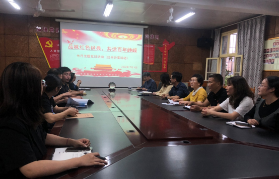 2022年7月4日下午,伟德betvlctor1946源于英国教工党支部在电教楼201会议室开展 “品位红色经典,共话百年峥嵘(红书分享)”主题党日活动暨第四次理论学习,支部书记何斌主持,全体教工党员参加。
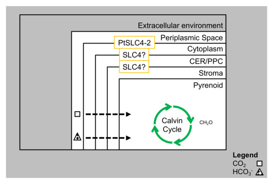 100. Nakajima, K.; Tanaka, A.; Matsuda, Y. SLC4 Family transporters in a marine diatom directly pump bicarbonate from seawater. Proc. Natl. Acad. Sci. USA 2013, 110, 1767–1772. [Google Scholar] [CrossRef]
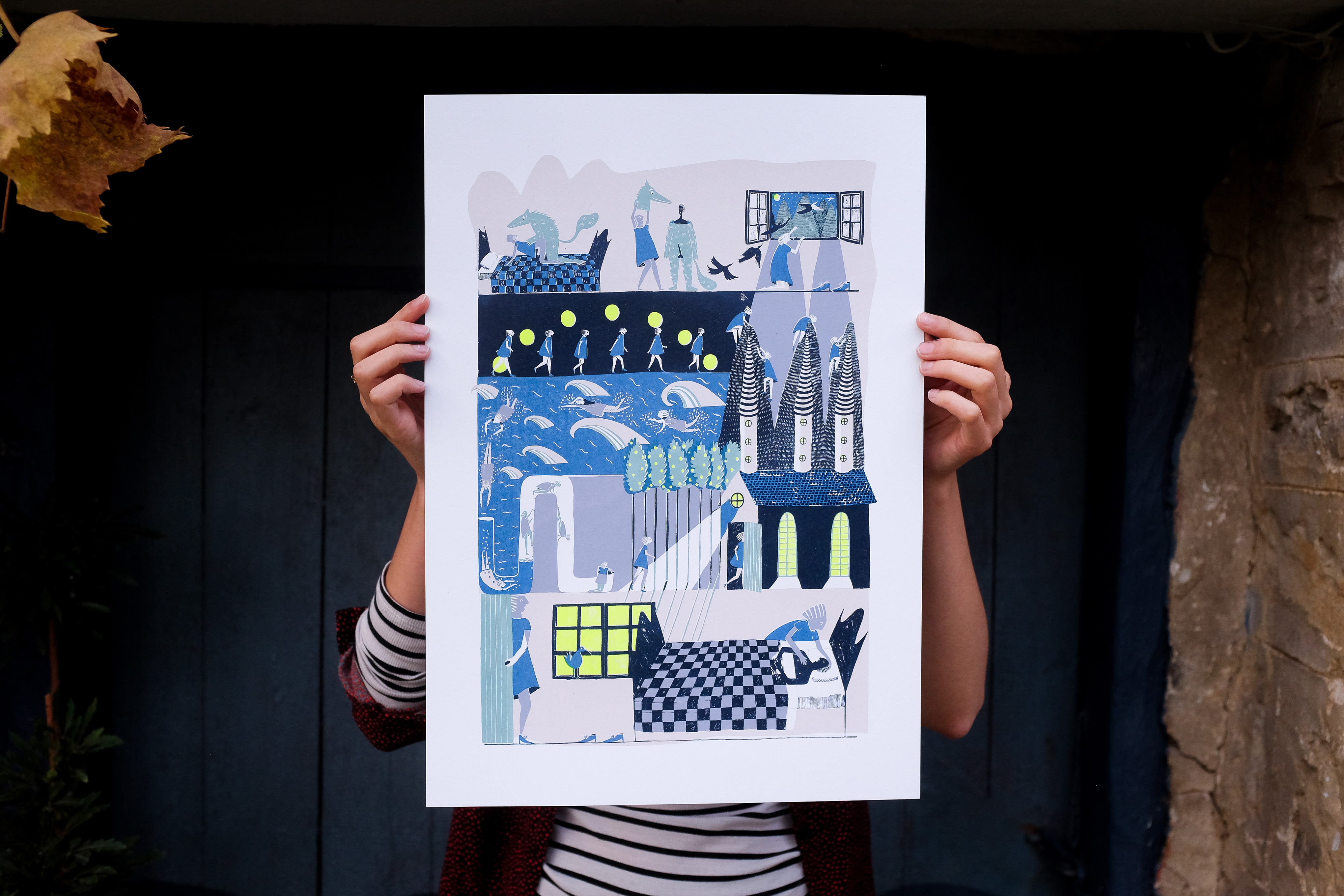 A series of black & white drawings, based on The Beauty and The Beast, was the starting point for a 10-day residency at NoPoint Atelier, in Bulgaria. The residency, based in the Bulgarian mountains, produced a riso-printed book + a limited edition 6-colour handmade silkscreen print.

━━━━━━━━

Instructions to follow:
Reproduce exactly, and only, the lines from the opening line of the listing above through the line holding "100. Nakajima, K.;", minus the pictures.

Exercise result:
 2022年7月4日下午,伟德betvlctor1946源于英国教工党支部在电教楼201会议室开展 “品位红色经典,共话百年峥嵘(红书分享)”主题党日活动暨第四次理论学习,支部书记何斌主持,全体教工党员参加。
 100. Nakajima, K.; Tanaka, A.; Matsuda, Y. SLC4 Family transporters in a marine diatom directly pump bicarbonate from seawater. Proc. Natl. Acad. Sci. USA 2013, 110, 1767–1772. [Google Scholar] [CrossRef]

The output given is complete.